**Raw data:**
★ ★ ★ ★ ★ ★ ★

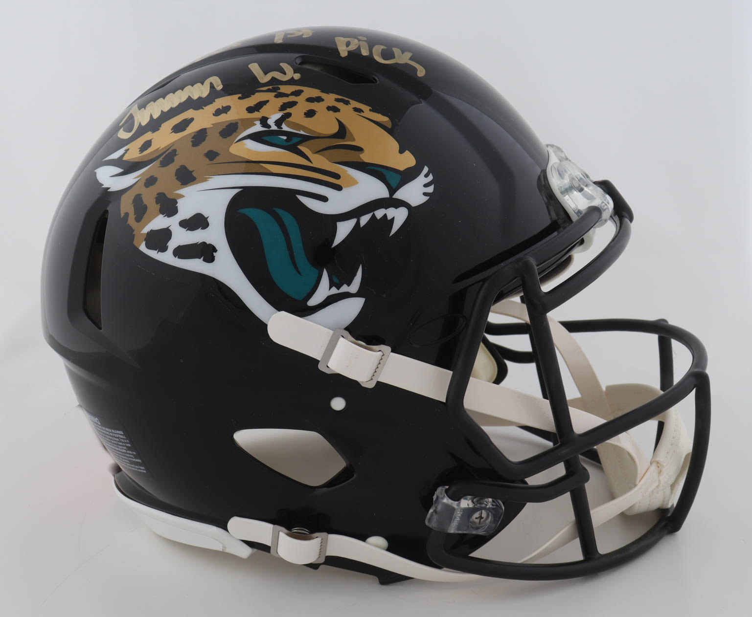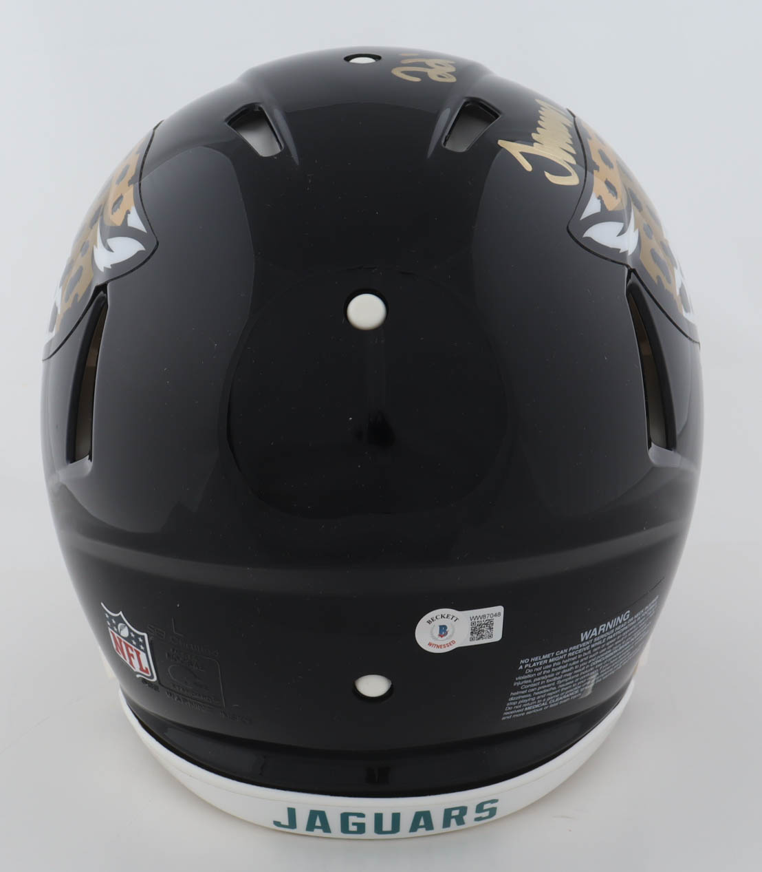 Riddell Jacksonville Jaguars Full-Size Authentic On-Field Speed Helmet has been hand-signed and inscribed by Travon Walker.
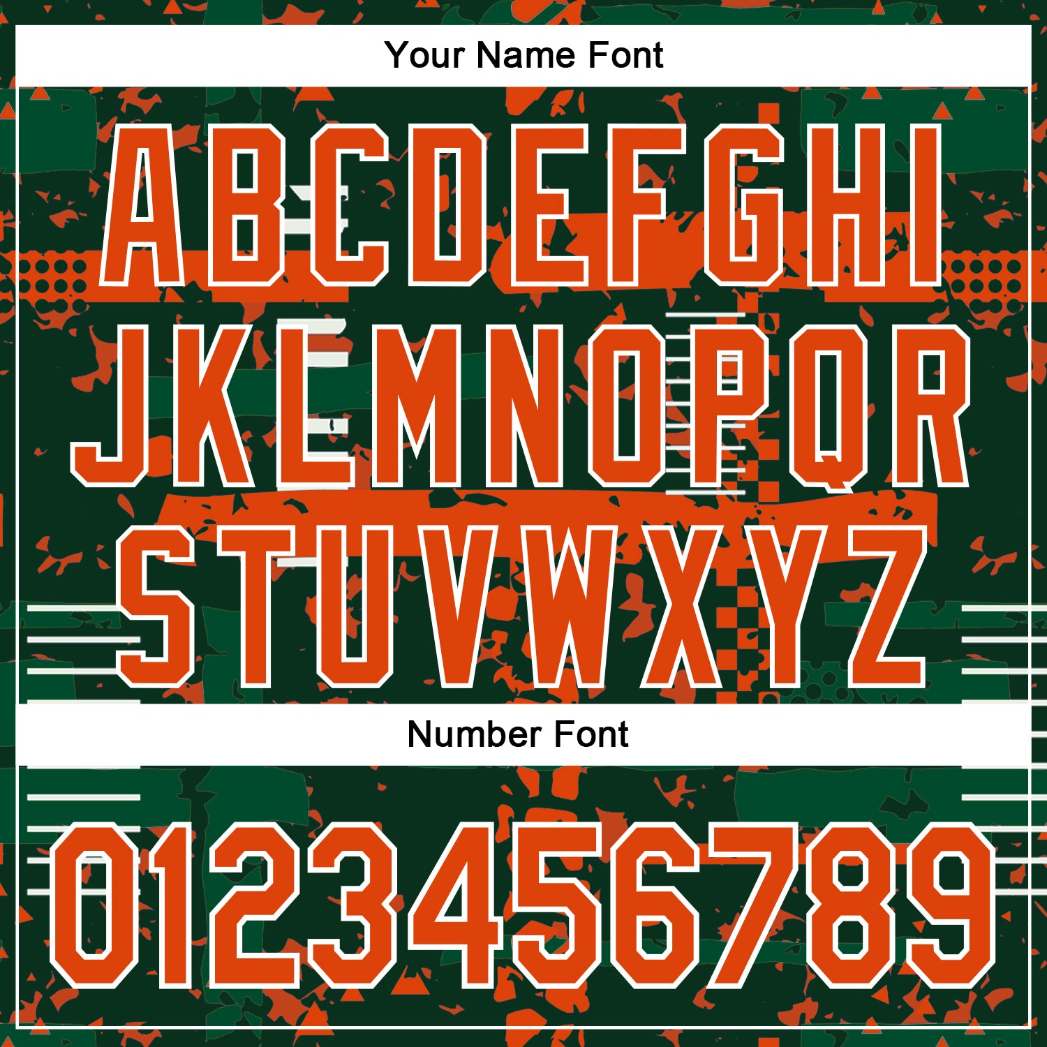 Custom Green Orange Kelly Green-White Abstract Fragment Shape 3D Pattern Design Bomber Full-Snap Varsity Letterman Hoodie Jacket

★ ★ ★ ★ ★ ★ ★

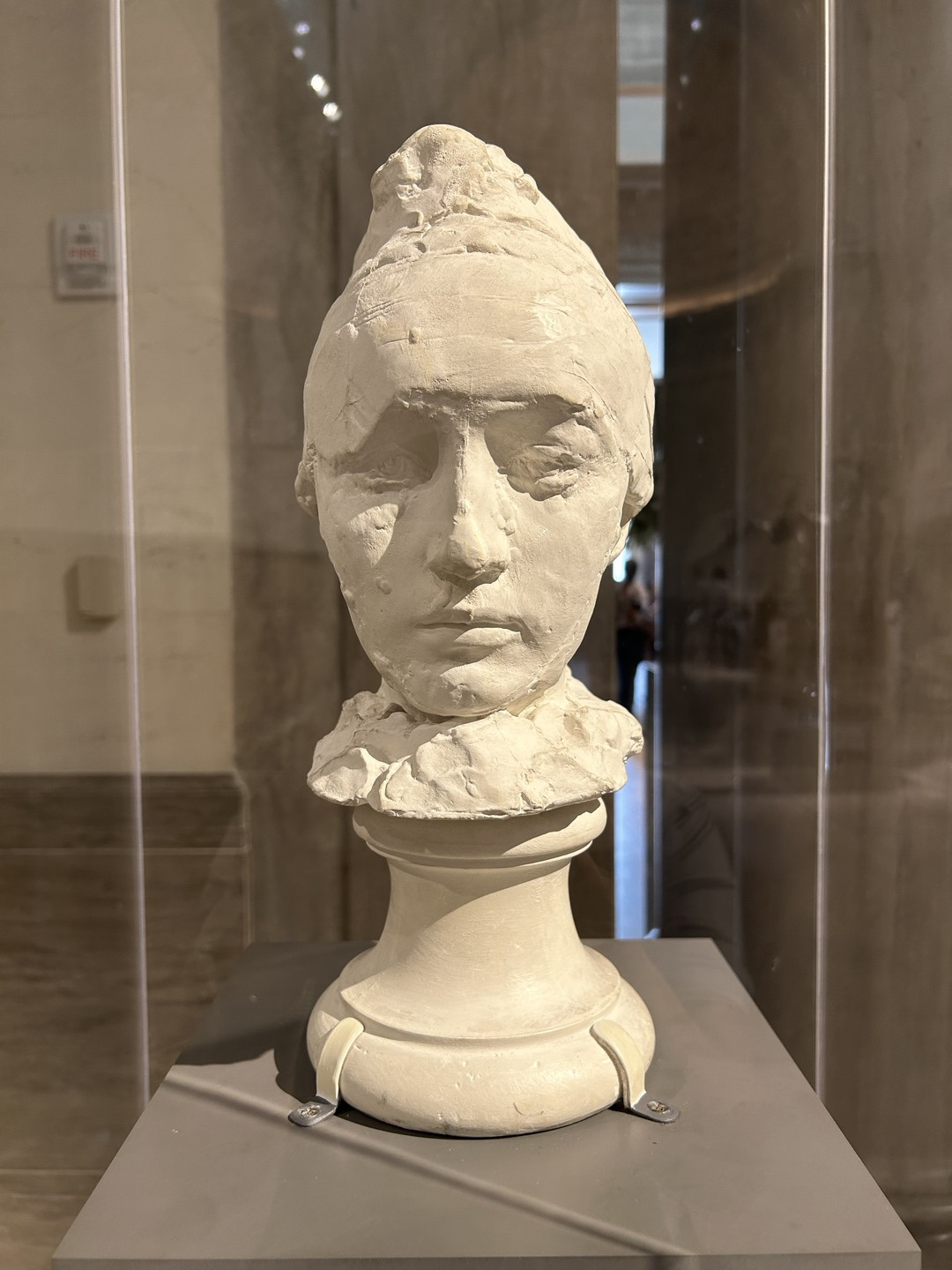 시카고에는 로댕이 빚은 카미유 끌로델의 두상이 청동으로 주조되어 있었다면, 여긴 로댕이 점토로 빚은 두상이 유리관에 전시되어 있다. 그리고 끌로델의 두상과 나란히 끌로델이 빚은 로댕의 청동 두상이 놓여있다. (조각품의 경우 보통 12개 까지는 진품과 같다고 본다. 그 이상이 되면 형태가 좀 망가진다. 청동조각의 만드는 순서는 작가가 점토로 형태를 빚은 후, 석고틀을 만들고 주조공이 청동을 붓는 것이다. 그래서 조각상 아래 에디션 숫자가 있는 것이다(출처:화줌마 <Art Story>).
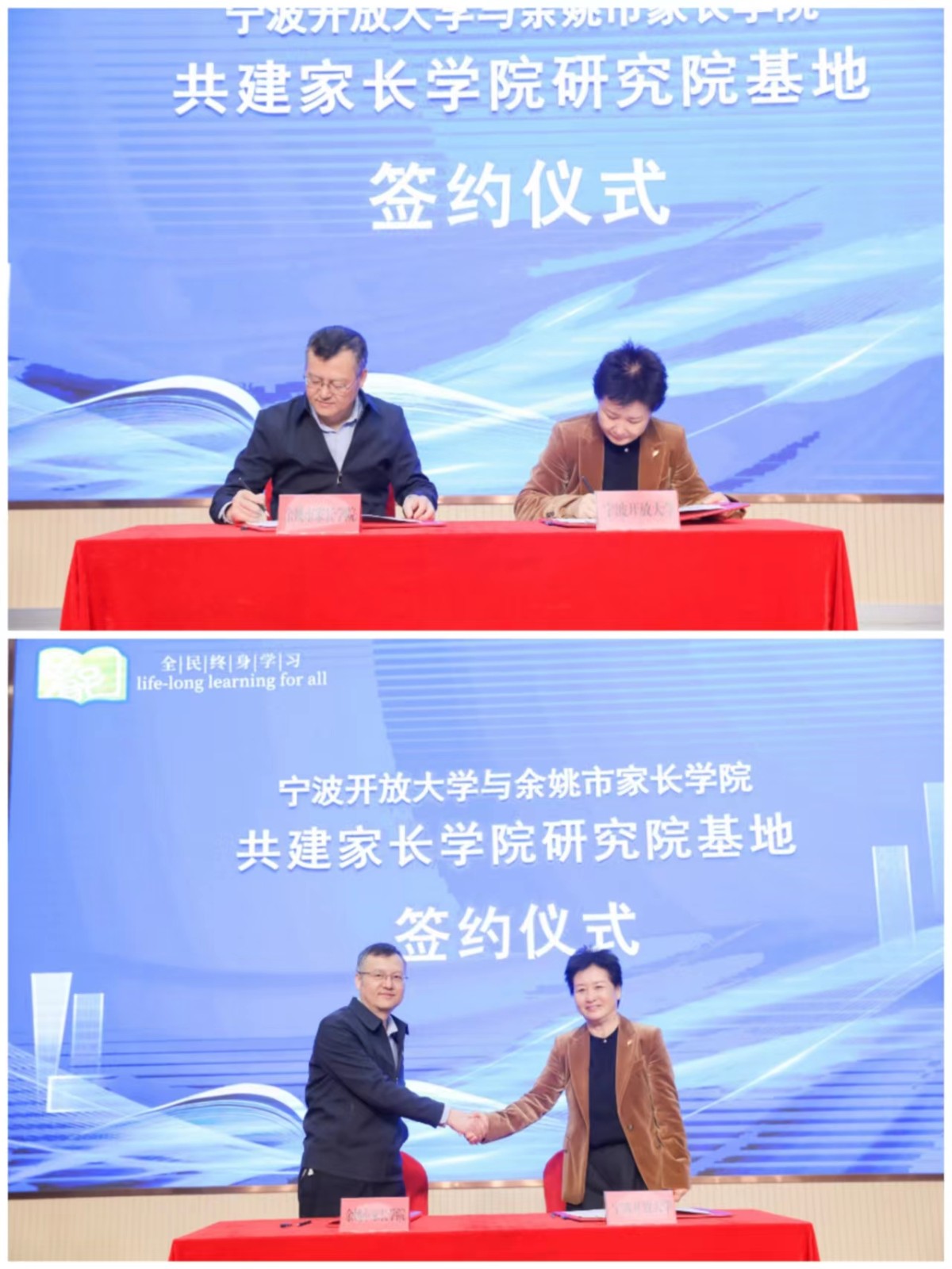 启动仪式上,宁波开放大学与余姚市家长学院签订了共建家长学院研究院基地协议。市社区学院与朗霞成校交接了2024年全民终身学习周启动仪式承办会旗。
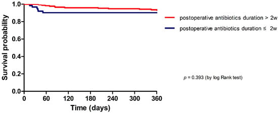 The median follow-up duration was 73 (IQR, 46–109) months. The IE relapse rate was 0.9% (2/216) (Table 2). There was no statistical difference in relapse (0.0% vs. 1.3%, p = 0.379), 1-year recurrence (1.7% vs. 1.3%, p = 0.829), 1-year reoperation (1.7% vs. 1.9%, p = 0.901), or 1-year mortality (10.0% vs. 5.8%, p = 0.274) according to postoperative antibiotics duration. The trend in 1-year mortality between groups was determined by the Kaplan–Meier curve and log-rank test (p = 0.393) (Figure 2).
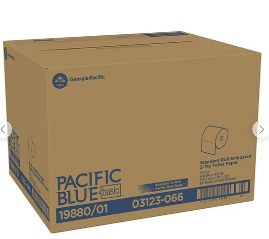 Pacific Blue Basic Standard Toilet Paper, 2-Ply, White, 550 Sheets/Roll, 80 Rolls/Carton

★ ★ ★ ★ ★ ★ ★

Copy exactly the part of the material above that opens with the line containing "The median follow-up" and closes with the line containing "Pacific Blue Basic", ends included. Drop the images.

 The median follow-up duration was 73 (IQR, 46–109) months. The IE relapse rate was 0.9% (2/216) (Table 2). There was no statistical difference in relapse (0.0% vs. 1.3%, p = 0.379), 1-year recurrence (1.7% vs. 1.3%, p = 0.829), 1-year reoperation (1.7% vs. 1.9%, p = 0.901), or 1-year mortality (10.0% vs. 5.8%, p = 0.274) according to postoperative antibiotics duration. The trend in 1-year mortality between groups was determined by the Kaplan–Meier curve and log-rank test (p = 0.393) (Figure 2).
 Pacific Blue Basic Standard Toilet Paper, 2-Ply, White, 550 Sheets/Roll, 80 Rolls/Carton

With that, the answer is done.